Brunnhuber ist Vertreter des kritischen Rationalismus und bezeichnet sich als einen Schüler des liberalen Soziologen Ralf Dahrendorfs.[1] Seine Arbeiten sind des Weiteren durch die Auseinandersetzung mit Bernard Lietaer, Ken Wilber und Willigis Jäger beeinflusst und zeigen eine Prägung durch J. M Keynes, Milton Friedman, C.G Jung, Hans Albert, der Systemtheorie, den Wüstenvätern sowie des japanischen ZEN und der christlichen Mystik des Hochmittelalters.[8][9][26]

Er fasst seine Forschungsinteressen mit den Worten eines ‚evolutionären, integralen, translationalen, praxisrelevanten human-zentrierten Ansatzes‘ zusammen.[27]

Ein besonderes Interesse Brunnhubers gilt den 17 Zielen für nachhaltige Entwicklung (Social Development Goals, SDGs) der Vereinten Nationen. Seiner Ansicht nach handelt es sich bei zwei Dritteln dieser Ziele um „global commons“ (deutsch: globale Allmendegüter oder auch globale öffentliche Güter).[28] Die Finanzierung dieser Allgemeingüter erfordert neue Finanzierungsinstrumente (financial engineerings) sowie eine angepasste Geldpolitik in Verbindung mit einem erweiterten Mandat der Zentralbanken.

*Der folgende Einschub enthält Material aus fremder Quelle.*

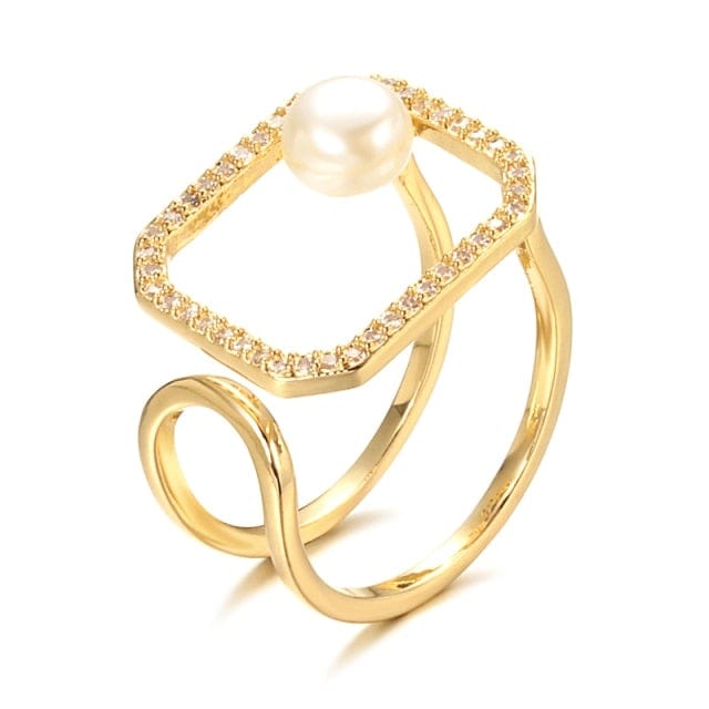 Kinel 2020 Trendy Style Zircon Open Ring Women Natural Pearl Geometric Rings Boho Ethnic Wedding Jewelry Wholesale

Durch die Berücksichtigung von energiearmen Blockchain Technologien und ‚digitalen Vertragsprotokollen‘ (smart contracts) kann das Geldangebot kontrolliert erweitert und die Nachhaltigkeitsziele finanziert werden.[29] Er gibt in diesem Zusammenhang an, mit der Finanzierung der global commons könne ein Return on Investment des 10 bis 100-fachen des Return on Investment privater Investments in Aktien oder Staatsanleihen erreicht werden.[30]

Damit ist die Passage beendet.